Fig. 4 (a) illustrates a waveform of constant period square wave voltage of the adjustable heterojunction back gate end with time, wherein the maximum voltage of the back gate end is preferably changed to 60V, and the minimum voltage is-60V.
Fig. 4 (b) illustrates the waveform of the voltage at the junction of the tunable heterojunction and the dc voltage source, i.e., 1, as a function of time, with DCVS at the top and therefore the voltage is unchanged.
FIG. 4 (c) illustrates the waveform of the voltage at the junction of the tunable heterojunction and the resistor, i.e. 2, as the voltage at the junction of the tunable heterojunction and the resistor changes with time, because the tunable heterojunction switches (changes in resistance) with the change of the back gate voltage, the voltage at the junction of the tunable heterojunction and the resistor correspondingly increases or decreases, and the time of the increase or decrease is random, i.e. the voltage at the junction of the tunable heterojunction and the resistor changes from V min Becomes V max Process or from V max Becomes V min The time required for the process varies.

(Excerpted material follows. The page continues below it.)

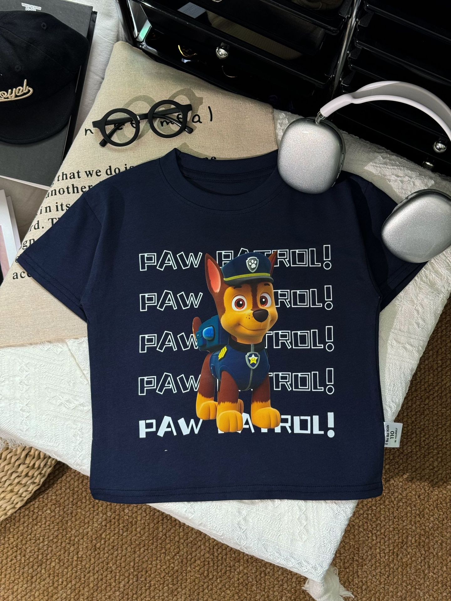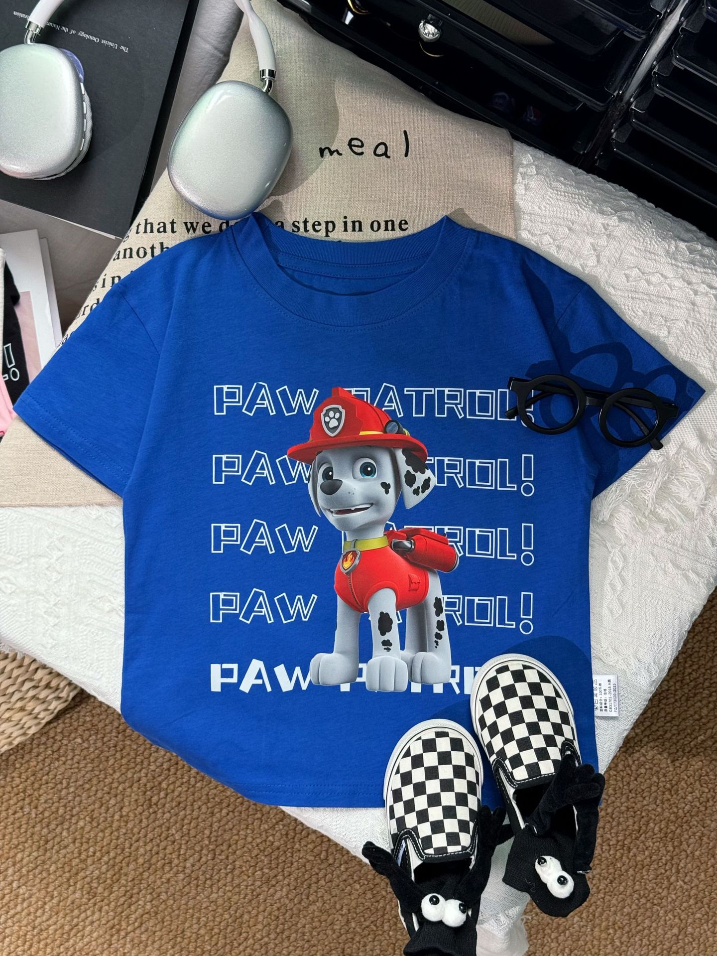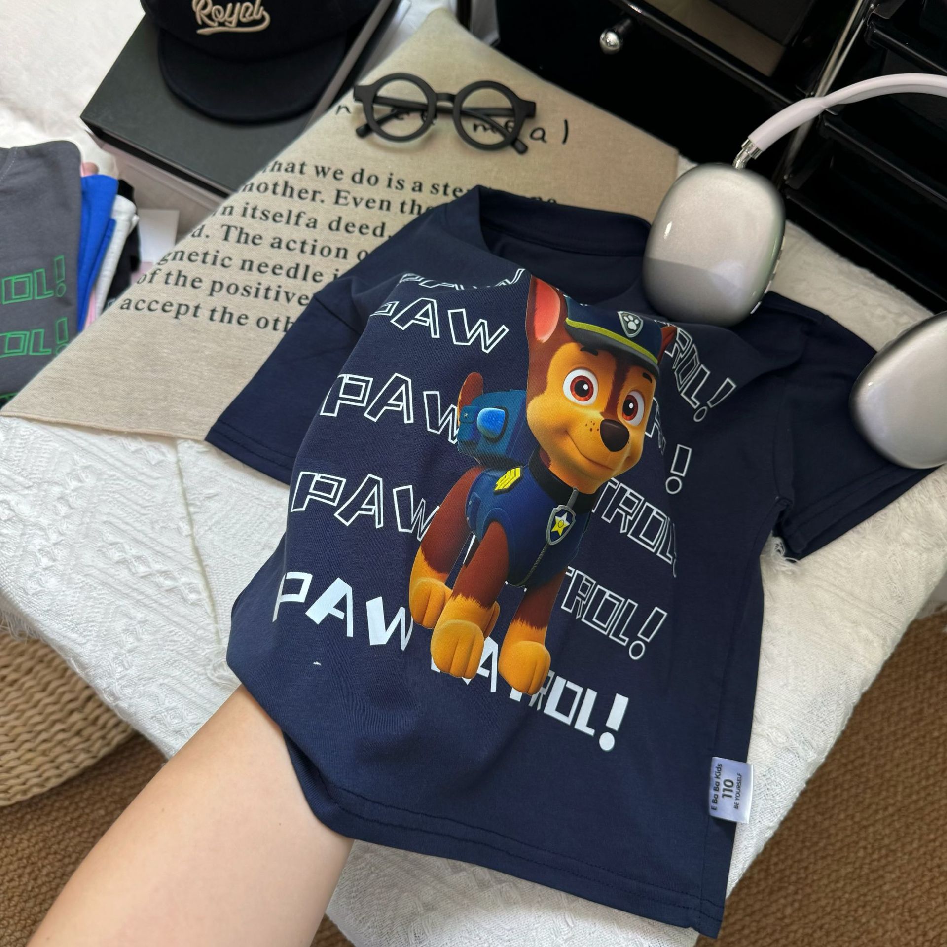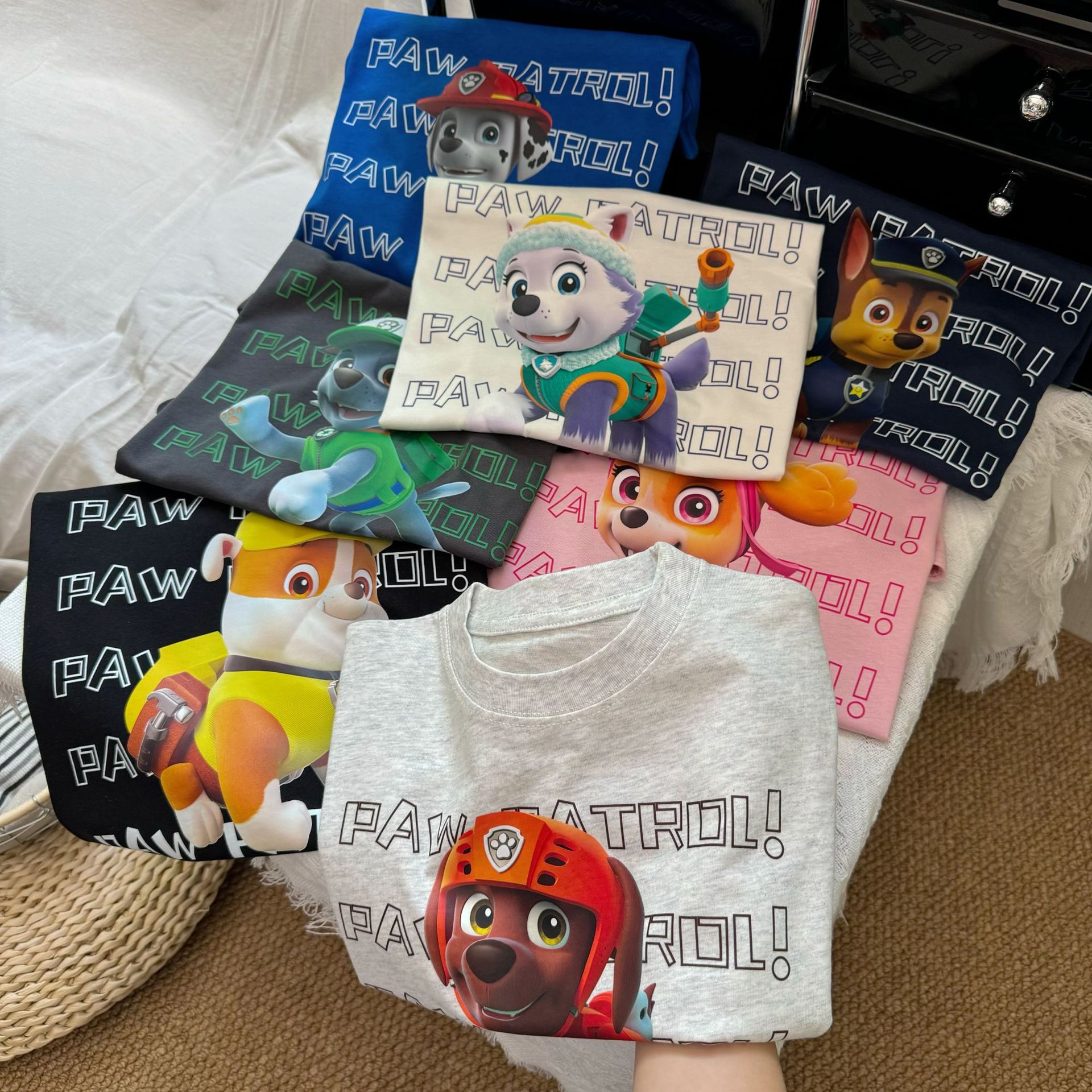 소년과 소녀를위한 어린이 순면 반팔 티셔츠 Paw Team 프린트 티셔츠 만화 애니메이션 패턴 여름 어린이상의

Fig. 4 (d) illustrates the waveform of the voltage at the output terminal of the comparator, i.e. 3, as a function of time, when the voltage at 2 is greater than the reference voltage, 3 is at a high level, and when the voltage at 2 is less than the reference voltage, 3 is at a low level, and the pulse width at 3 is random because the increasing or decreasing process at 2 is random in time.
Fig. 4 (e) is a waveform diagram illustrating the variation of the voltage at the junction of the high-frequency pulse source and the and gate, i.e., at 4, with time, and the high-frequency pulse signal is presented because the high-frequency pulse source is above.
Fig. 4 (f) illustrates the waveform of the voltage at the output 5 of the and gate over time, with the output 5 of the and gate, so that 5 is high only when 3 and 4 are both high (the waveform is similar to that at 4).
It should be noted that the terms "upper", "lower", "left", "right", "front", "back", etc. used in the present invention are for clarity of description only, and are not intended to limit the scope of the present invention, and the relative relationship between the terms and the terms is not limited by the technical contents of the essential changes.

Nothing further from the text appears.